#### Records for processing
========

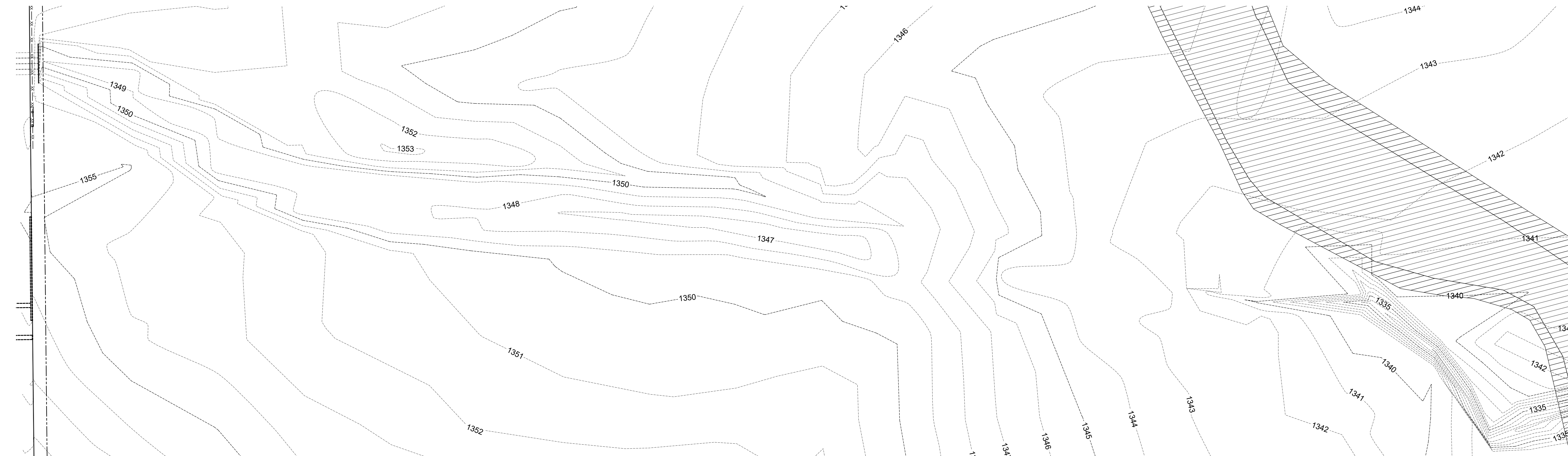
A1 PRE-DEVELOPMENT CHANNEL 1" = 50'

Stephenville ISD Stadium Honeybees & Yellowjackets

========

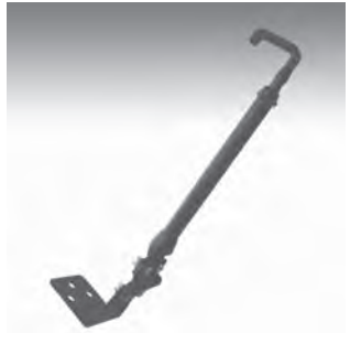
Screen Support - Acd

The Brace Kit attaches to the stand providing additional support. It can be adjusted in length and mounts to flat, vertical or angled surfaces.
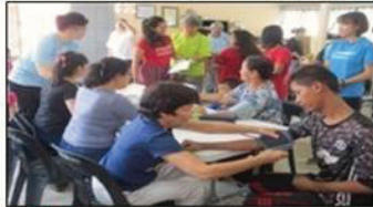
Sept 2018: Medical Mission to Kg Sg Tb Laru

========

#### What is expected
Take the material above and output only the lines from the one that contains "Screen Support - Acd" through the one that contains "Sept 2018: Medical Mission to Kg Sg Tb Laru", ends included and images left out.

#### Solution to this exercise
Screen Support - Acd

The Brace Kit attaches to the stand providing additional support. It can be adjusted in length and mounts to flat, vertical or angled surfaces.
Sept 2018: Medical Mission to Kg Sg Tb Laru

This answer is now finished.